In Morocco a little peasant boy aims a rifle, newly acquired by his father, at a tourist bus and grievously wounds a woman dozing by one of its windows. In Tokyo an adolescent girl, puzzled and angry over her mother’s suicide (and a deaf-mute as well), bedevils her father and at the same time blatantly asserts her confused but flaming sexual needs. In San Diego a Mexican woman tends two Anglo children she deeply loves while their parents are on holiday, but when her own son needs her, she puts her charges in jeopardy. Unable to find someone to replace her, she takes them along to her son’s wedding with near calamitous results.

Babel is Babel indeed. Director Alejandro González Iñárritu and screenwriter Guillermo Arriaga are essentially up to the same trick they used brilliantly in Amores Perros, less so in 21 Grams–interweaving multiple stories about disparate individuals and eventually revealing their hidden connections. Since the characters are, in the present instance, operating on a global scale, some viewers will find Babel excitingly far-ranging. Others may find it merely far-fetched. Some will see the casting of Cate Blanchett as the wounded tourist and Brad Pitt as her husband as evidence that it aspires to be a major motion picture. Others will note the anonymity of the other players and see it as a lengthy, overambitious art-house entry. Those of us who think González Iñárritu is one of the movies’ larger youngish talents will perhaps be inclined to cut him a good deal of slack.

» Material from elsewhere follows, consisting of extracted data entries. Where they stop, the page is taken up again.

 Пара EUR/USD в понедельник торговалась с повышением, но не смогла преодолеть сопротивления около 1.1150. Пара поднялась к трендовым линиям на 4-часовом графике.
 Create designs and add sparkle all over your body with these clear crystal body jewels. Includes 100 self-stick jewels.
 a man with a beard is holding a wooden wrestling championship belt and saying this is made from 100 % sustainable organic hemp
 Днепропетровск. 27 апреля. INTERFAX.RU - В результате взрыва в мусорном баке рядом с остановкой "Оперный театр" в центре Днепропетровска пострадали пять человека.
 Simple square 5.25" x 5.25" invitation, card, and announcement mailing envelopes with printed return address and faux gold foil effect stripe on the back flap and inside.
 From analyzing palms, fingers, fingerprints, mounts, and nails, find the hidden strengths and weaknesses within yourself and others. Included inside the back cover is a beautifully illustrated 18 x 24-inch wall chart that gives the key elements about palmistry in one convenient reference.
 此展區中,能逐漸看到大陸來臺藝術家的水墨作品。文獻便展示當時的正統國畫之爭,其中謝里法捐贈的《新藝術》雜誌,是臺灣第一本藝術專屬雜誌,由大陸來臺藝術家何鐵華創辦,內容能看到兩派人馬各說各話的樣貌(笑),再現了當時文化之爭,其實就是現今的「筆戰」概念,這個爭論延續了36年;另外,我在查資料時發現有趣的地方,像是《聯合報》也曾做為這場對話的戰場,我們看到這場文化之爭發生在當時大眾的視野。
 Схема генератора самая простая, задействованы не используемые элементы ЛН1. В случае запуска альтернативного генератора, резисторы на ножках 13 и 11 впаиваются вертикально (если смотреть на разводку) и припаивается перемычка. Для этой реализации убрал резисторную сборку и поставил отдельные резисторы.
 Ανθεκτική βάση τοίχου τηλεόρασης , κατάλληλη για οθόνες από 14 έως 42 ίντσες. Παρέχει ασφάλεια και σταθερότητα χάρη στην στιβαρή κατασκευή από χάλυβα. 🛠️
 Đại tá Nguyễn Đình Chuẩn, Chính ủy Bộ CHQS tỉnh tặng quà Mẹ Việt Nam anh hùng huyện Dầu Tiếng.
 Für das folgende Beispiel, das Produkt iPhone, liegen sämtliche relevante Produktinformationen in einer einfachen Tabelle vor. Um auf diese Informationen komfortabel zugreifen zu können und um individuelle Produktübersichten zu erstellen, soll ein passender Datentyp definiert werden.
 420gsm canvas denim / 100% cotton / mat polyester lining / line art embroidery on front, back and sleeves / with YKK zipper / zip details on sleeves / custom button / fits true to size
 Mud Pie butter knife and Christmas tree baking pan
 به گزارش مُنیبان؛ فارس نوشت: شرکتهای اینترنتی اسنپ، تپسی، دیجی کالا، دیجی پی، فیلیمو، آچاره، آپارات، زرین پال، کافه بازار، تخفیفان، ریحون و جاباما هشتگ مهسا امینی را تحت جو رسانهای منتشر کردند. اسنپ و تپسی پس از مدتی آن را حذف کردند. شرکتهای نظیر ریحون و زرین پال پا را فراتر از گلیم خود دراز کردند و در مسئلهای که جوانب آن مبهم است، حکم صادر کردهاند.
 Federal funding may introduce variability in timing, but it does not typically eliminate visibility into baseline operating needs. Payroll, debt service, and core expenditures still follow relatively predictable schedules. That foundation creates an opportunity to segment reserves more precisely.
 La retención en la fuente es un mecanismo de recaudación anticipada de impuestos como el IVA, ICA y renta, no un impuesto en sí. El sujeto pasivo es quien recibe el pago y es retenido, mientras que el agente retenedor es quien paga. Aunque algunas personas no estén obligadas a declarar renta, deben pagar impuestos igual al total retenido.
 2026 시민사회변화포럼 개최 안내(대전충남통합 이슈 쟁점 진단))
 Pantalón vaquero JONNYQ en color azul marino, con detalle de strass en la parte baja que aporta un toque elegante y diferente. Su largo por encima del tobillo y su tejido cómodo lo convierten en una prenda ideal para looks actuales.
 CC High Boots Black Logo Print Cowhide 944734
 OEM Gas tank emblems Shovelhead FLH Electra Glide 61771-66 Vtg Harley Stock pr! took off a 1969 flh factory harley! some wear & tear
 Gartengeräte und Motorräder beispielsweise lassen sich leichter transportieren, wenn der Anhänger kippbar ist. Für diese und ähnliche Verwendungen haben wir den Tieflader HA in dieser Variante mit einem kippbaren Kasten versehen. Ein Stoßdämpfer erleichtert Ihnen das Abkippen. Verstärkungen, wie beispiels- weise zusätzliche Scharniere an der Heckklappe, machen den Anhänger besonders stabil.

It is not important how, or even if, his three intercut stories become linked. Each of them is, in itself, a powerful tale of fairly ordinary people taken gently down innocent-seeming roads only to find themselves, at the end, in desperate and life-threatening circumstances.

The kid with the gun is playful and innocent; he is not trying to cause an international incident. The sex-crazed Japanese girl is a recognizably troubled adolescent, quite unaware of the largely hormonal firestorm raging within her. The Mexican au pair is a kindly and responsible woman, caught in conflict between the needs of her beloved charges and the call of a central event in her family’s life. Her crisis is the more powerful for the way it takes her, unaware of the gathering threat, to the brink of madness and death. It is a measure of González Iñárritu’s humanity that his protagonists are not all victims of their bad decisions. It is a measure of his potent skills as a director that he hammers home his melodrama with relentless ferocity.

The actors–including his two big stars–are all wonderfully real, seemingly as surprised by the depths and dangers of their circumstances and emotions as we are. Babel is a movie that leaves you feeling limp and wrung out, but mysteriously moved by its vivid human encounters with the hot, tightly wired, chancy and coincidental world, ever capable of terrorizing us when we least expect it.